Cambridge's Helen Murphy and Libby (Elizabeth) Tilley reported on what they called 'ethnographish' research to find out how English and Arts faculty perceived the library. They focused on established faculty members and uncovered some really interesting stories to understand the experience of their academics. I must admit that the talks moved at an incredible pace and I did not catch all their examples but you can read about it yourself in NRAL in December.

John Cox opened his talk by saying that trends and pressures in Higher Education impact how the library positions itself.  John presented his detailed literature review article in a very clever way, choosing his top 10 quotes from his research as a summary of his work. There are thought-provoking insights in John’s paper including this quote from Murray and Ireland in a CRL article: Academic libraries are no longer the symbolic heart of the University. Lots of John’s points would be good conversation starters with senior university personnel.

Big questions

Róisín Gwyer from Portsmouth talked about librarians reinventing themselves by moving out of their areas, encouraging new roles for library leaders. Róisín referenced the SCONUL View from Above report that reports on the perspectives of senior leaders in universities about libraries.  For this report, 12 senior people were asked how they viewed library directors, what strategies library leaders can use in uncertain times, they asked questions about culture and how library leaders can move up to executive positions within institutions. I recommend having a read of the SCONUL report and Róisín’s article next month.

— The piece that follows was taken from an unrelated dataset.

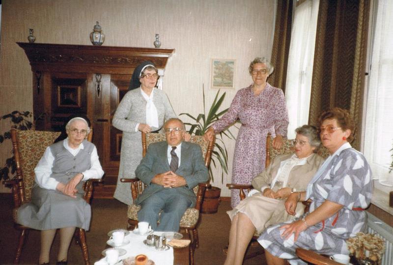 Theo Pinkowitz was een van de Joodse vluchtelingen uit Duitsland, die tijdens de Tweede Wereldoorlog in het H.Hart klooster verbleef. Samen met zijn vrouw Myra (zittend rechts naast hem) bezocht hij in 1984 het klooster en een aantal van de nog aanwezige zusters.
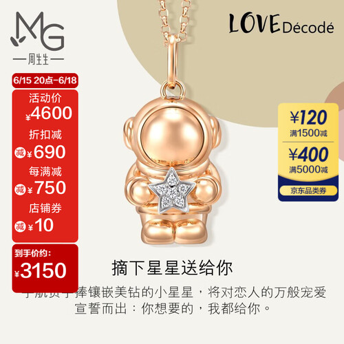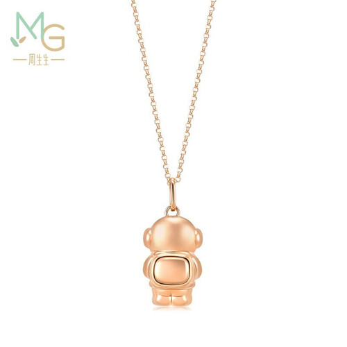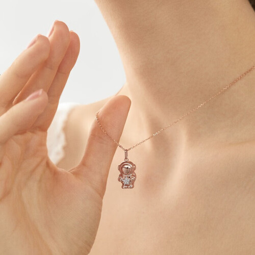18K红色黄金制成的太空人捧星造型,新奇别致,趣味十足,纹路清晰细腻,细节处理十分巧妙,富有质感。镶嵌钻石,工艺精湛。

Nick Woolley (Northumbria) asked a couple of fundamental questions such as what is a library for? What is the value proposition? What does the library do for the institution? Northumbria created teams around their major value propositions including a Reading Lists team whereby any competent member of the team goes out and does the liaison work and can also be a technical contributor in the management of the reading lists. 

In summary

Michelle Blake from York posed a very direct question in the early stage of the day; why are liaison librarians slow to take on advocacy work with researchers? The libraries that have made strides in this area have reported that their staff are enjoying the change and the challenge that being a research support librarian can bring. Liaison librarians are very good at what they do but their contributions can go up a noticeable notch by focusing efforts on talking to early career academic and researchers about RDM, copyright, collections, licenses, and scholarly communications. What are we afraid of?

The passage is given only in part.